'''

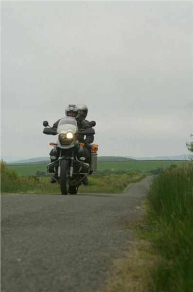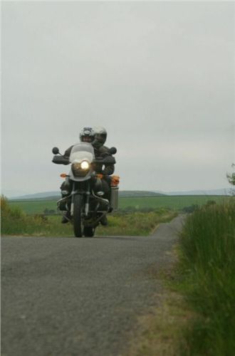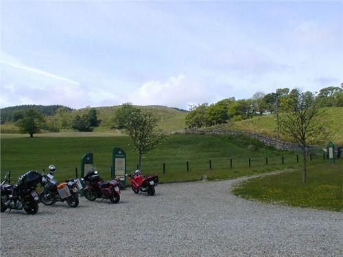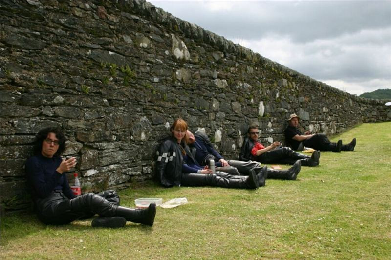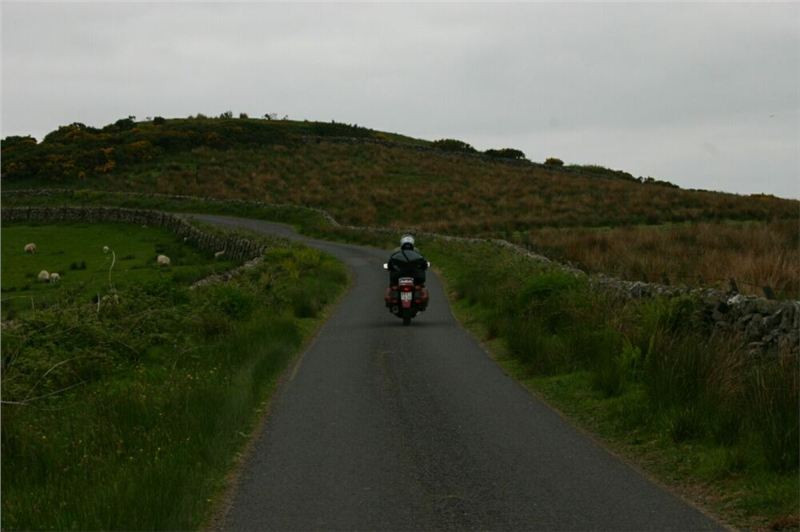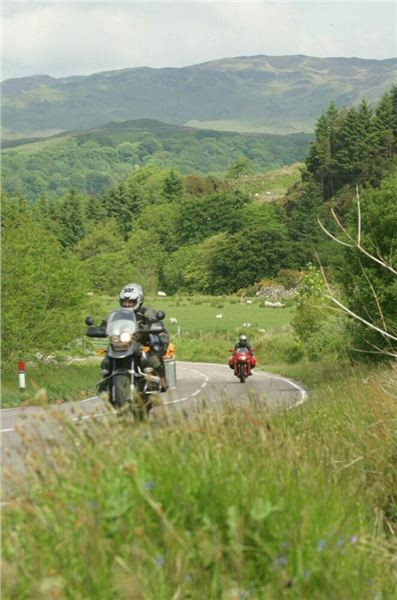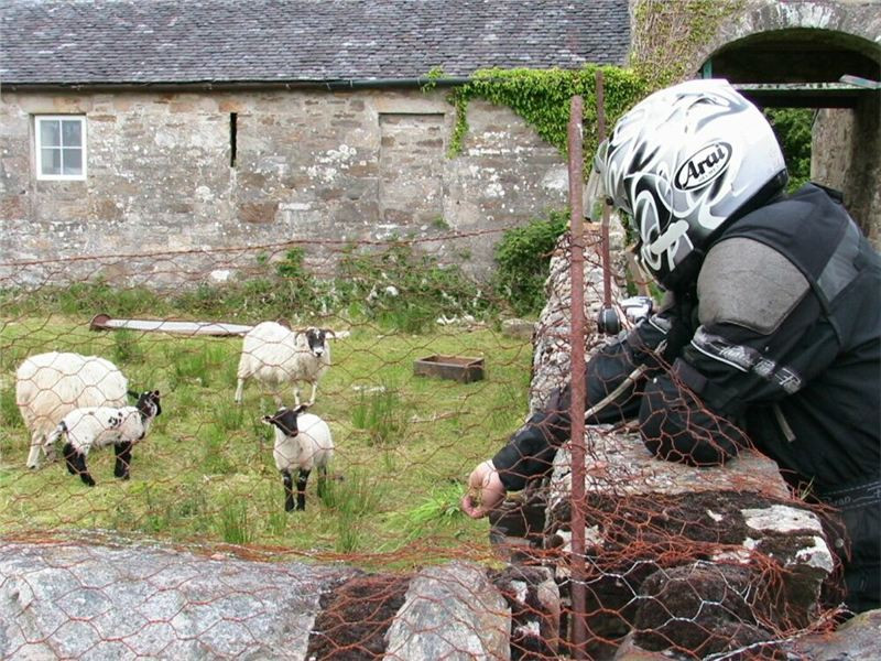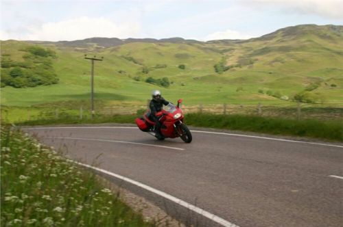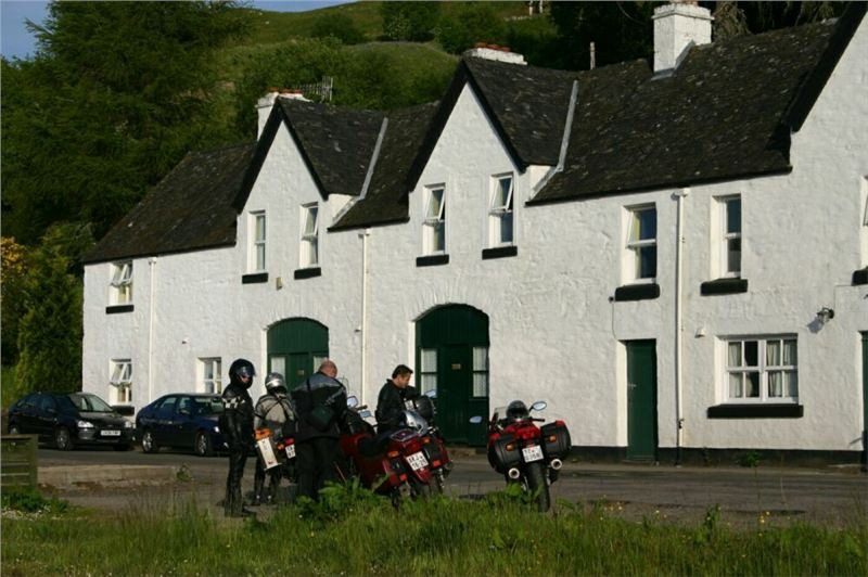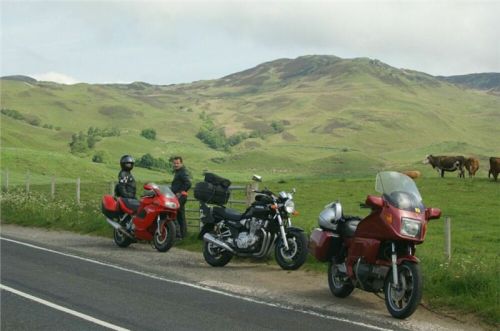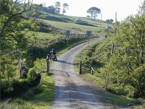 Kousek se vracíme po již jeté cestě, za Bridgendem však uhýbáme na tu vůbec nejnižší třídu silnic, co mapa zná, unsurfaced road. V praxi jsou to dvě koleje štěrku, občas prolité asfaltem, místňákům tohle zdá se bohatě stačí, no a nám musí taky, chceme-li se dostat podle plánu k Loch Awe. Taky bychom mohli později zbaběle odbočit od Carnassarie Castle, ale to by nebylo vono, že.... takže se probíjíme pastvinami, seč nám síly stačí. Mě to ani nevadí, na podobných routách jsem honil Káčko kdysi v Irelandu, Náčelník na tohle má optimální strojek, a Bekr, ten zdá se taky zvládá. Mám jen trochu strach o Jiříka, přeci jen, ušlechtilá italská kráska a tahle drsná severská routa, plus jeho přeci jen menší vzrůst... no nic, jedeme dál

'''
'''

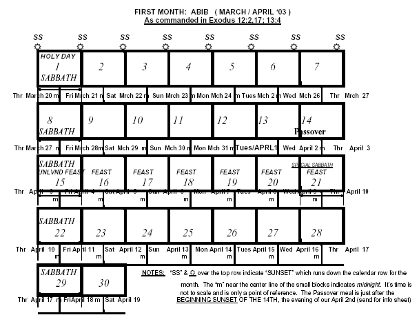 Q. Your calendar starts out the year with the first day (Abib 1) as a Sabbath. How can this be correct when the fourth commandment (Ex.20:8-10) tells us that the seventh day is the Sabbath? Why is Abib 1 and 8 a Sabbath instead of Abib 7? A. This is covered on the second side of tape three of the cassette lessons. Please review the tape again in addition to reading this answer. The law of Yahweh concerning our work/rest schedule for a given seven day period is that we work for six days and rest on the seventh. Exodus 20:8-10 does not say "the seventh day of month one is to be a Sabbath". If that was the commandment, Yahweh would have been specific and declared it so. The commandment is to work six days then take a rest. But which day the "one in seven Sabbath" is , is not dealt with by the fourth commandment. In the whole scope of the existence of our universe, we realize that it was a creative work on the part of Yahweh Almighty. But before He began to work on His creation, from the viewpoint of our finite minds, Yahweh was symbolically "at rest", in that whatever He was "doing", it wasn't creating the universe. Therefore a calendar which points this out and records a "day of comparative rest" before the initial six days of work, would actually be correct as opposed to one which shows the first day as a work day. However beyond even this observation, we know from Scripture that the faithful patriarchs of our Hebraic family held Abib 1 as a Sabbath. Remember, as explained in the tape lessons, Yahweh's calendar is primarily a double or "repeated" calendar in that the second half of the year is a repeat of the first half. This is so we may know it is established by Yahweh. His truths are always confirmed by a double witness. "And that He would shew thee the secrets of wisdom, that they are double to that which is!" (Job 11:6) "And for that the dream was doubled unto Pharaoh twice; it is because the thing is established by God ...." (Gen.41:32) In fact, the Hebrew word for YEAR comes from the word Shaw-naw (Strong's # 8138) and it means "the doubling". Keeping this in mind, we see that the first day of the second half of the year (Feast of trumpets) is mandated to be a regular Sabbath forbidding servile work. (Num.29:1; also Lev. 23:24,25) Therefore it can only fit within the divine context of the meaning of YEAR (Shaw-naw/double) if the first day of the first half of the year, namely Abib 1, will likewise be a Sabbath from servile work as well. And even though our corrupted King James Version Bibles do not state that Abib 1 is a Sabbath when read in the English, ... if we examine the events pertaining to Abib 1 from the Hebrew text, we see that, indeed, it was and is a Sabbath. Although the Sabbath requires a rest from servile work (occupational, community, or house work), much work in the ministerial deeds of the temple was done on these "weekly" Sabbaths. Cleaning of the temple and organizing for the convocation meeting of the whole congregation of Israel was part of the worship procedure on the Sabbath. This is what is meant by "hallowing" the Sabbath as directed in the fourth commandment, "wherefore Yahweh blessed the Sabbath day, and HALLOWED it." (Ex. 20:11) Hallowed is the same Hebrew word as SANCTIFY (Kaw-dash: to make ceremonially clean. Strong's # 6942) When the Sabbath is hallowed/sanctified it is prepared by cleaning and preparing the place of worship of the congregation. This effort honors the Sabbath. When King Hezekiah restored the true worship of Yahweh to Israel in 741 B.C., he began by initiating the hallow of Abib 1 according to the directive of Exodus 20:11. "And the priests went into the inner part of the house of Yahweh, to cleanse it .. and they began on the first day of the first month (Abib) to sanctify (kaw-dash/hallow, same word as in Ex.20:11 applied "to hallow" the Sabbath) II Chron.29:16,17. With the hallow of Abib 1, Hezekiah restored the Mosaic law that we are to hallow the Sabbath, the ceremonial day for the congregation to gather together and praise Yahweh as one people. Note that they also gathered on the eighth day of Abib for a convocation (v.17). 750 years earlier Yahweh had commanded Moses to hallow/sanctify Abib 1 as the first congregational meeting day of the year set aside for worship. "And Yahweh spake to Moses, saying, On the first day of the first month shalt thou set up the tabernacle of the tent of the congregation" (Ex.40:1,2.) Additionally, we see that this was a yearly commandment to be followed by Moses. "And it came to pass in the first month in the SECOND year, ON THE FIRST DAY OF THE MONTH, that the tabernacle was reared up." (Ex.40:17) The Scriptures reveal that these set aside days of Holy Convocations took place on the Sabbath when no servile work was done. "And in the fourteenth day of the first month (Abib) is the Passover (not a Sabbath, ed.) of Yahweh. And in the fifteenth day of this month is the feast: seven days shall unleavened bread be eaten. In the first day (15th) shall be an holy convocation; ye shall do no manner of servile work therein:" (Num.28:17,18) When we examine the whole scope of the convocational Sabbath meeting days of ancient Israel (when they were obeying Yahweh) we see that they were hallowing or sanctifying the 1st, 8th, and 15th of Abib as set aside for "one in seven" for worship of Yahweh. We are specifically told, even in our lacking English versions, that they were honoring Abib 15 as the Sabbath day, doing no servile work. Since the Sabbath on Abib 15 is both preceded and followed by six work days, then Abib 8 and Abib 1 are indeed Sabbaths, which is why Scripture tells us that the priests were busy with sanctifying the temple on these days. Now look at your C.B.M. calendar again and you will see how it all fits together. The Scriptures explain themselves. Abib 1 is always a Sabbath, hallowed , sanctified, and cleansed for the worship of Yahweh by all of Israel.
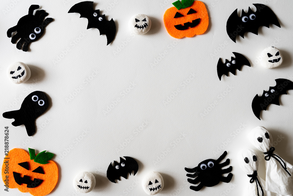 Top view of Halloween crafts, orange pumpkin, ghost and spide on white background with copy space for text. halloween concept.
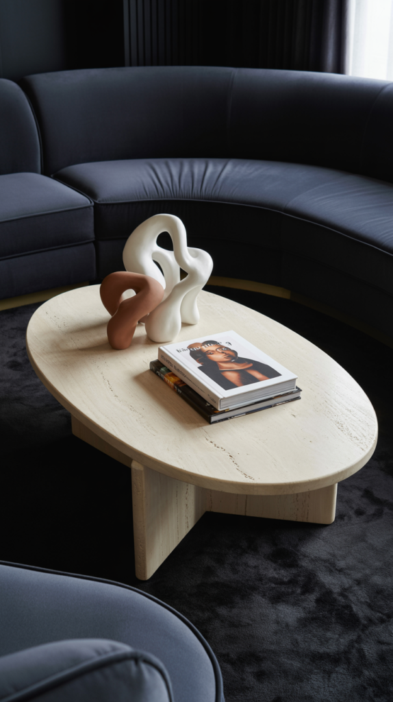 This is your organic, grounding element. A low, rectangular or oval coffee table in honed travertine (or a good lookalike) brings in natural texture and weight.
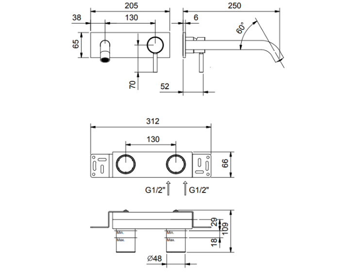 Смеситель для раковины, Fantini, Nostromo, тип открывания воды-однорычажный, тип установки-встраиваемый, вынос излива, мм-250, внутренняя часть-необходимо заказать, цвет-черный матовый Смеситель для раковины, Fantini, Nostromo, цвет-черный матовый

'''
'''

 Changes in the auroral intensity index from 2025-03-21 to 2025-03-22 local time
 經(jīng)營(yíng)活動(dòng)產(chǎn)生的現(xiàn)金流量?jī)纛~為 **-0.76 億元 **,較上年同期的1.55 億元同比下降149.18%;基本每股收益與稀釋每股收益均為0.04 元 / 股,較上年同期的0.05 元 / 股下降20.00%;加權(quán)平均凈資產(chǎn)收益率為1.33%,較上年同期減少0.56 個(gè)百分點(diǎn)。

'''

Give the lines above again exactly, from the one containing "Top view of" to the one containing "This is your", both included, but leave out the pictures.

» Final answer:
 Top view of Halloween crafts, orange pumpkin, ghost and spide on white background with copy space for text. halloween concept.
 This is your organic, grounding element. A low, rectangular or oval coffee table in honed travertine (or a good lookalike) brings in natural texture and weight.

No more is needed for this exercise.